Kitsbow moved its manufacturing headquarters from California to North Carolina just five months ago and adopted a new “lean manufacturing” method based on the well-known Toyota Way, where products are made one at a time, to order, rather than in batches.

“In this system, the worker is the valuable resource, not the machine on the assembly line,” Billstrom says.

The result is a workforce and factory capable of pivoting to new products very quickly, which is exactly what Billstrom did when he started hearing about hospitals in the Asheville area that desperately needed masks, face shields, and other medical tools to fight the coronavirus.

“We have our entire design team working together in one place,” Billstrom says. “We have a pattern maker, a product engineer, a technical apparel designer, and a supply chain manager who collaborate daily. They’re able to design and implement new processes extremely fast. Add to that a workforce that makes one unit at a time rather than in batches, and you basically have a setup that can be pivoted on a dime.”

Billstrom approached his design team with the idea to start producing face shields on March 19—a Thursday. By that Saturday, the first 500 were done, and the team had finished a design for a cloth face mask similar to the N95, a much-needed model among hospital workers. The mask was approved by a medical advisor on Sunday, and by Tuesday, Kitsbow had an order for 42,000 units, thanks to a Facebook post that spread among Billstrom’s personal network of EMTs and business associates.

A Kitsbow employee wears a clear plastic face shield.
Kitsbow’s face shield design is simple but medically effective. (Photo: Courtesy)

Just seven days after developing the concept, the company had ongoing orders for 100,000 face shields and 100,000 masks to be produced each week and distributed throughout the 29 counties of the Western North Carolina region. Billstrom is confident that these orders can keep the business profitable for the foreseeable future.

“We used Kitsbow Blue, one of our signature colors, on the nosepiece of the masks,” Billstrom says, noting that even with its radical shift in output, the company is still finding ways to put its own touch on the medical products—essentially treating them like part of the Kitsbow line. “A reusable face mask that is stylish and fits well may even become a product of ours down the road.”

This nimbleness—pivoting an entire factory to a new product, securing orders for hundreds of thousands of units within the space of a week, all while maintaining a sense of brand cohesion—is a direct result of Kitsbow’s lean manufacturing process, according to Billstrom.

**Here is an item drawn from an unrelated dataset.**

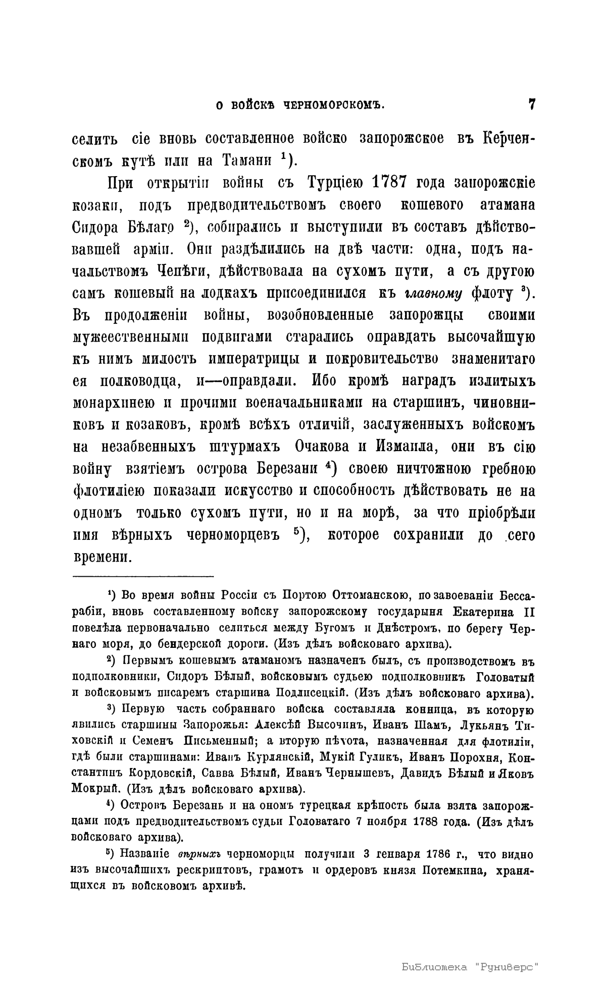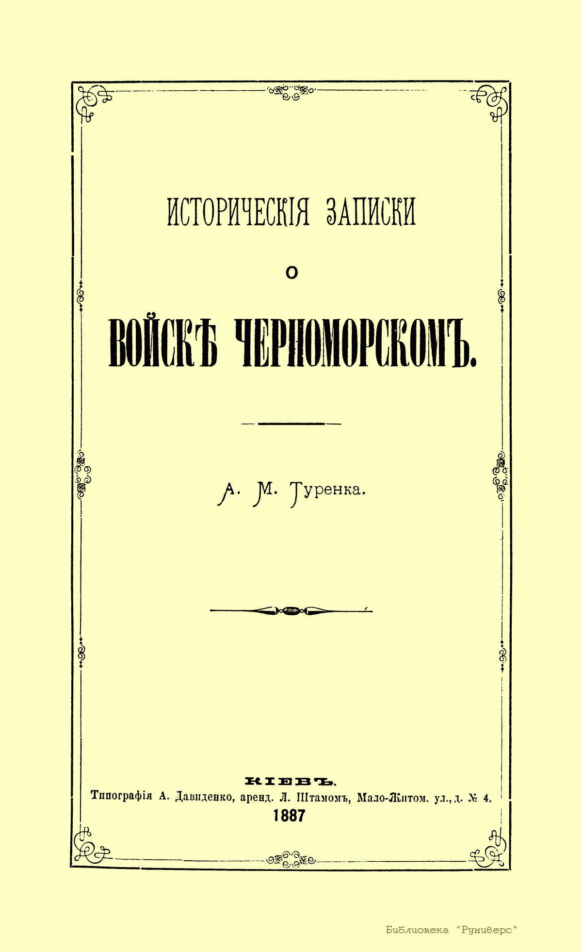 Кавалер Александр Михайлович Туренка описывает историю войска черноморского 2-го конно-казачьего полка с 1787-го по 1831 г. Войско образовано 3 июля 1787 г. В этот день старшины бывшего запорожского войска Сидор Белый, Антон Головатый, Захарий Чепига и др. в Кременчуге получили от проезжавшей по Малороссии императрицы Екатерины в ответ на поднесенное ей прошение именной указ на новое возрождение запорожского войска и временного поселения между рр. Днестром и Бугом. В 1814 г. возрожденное войско заняло Кубанскую область, собственно Черноморию, по правому берегу р. Кубани.
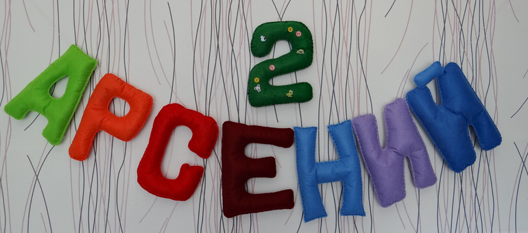 Торкнуло меня сшить из фетра буковки. Фетр лежал в запасах, он не очень хорошего качества, рада была найти ему применение.

“This method is used in almost every other type of production besides apparel,” Billstrom says. “I don’t understand why more apparel companies don’t use it.”

Kitsbow CEO David Billstrom wearing a medical face mask
CEO David Billstrom wearing one of Kitsbow’s newly designed face masks. (Photo: Courtesy)

On Thursday afternoon, Billstrom reported that morale among employees remains high on the factory floor. Since last week, the design team has already developed a new process for making the face shields and masks more quickly—by using die cutting rather than laser cutting.

“What I sense is that everyone has a great feeling of purpose now,” Billstrom says. “Before, our purpose was to make very high-quality clothing. You can take a lot of pride in something like that, but now our purpose is to save lives and keep people from getting hurt. Everyone here can feel that we’re doing something important.”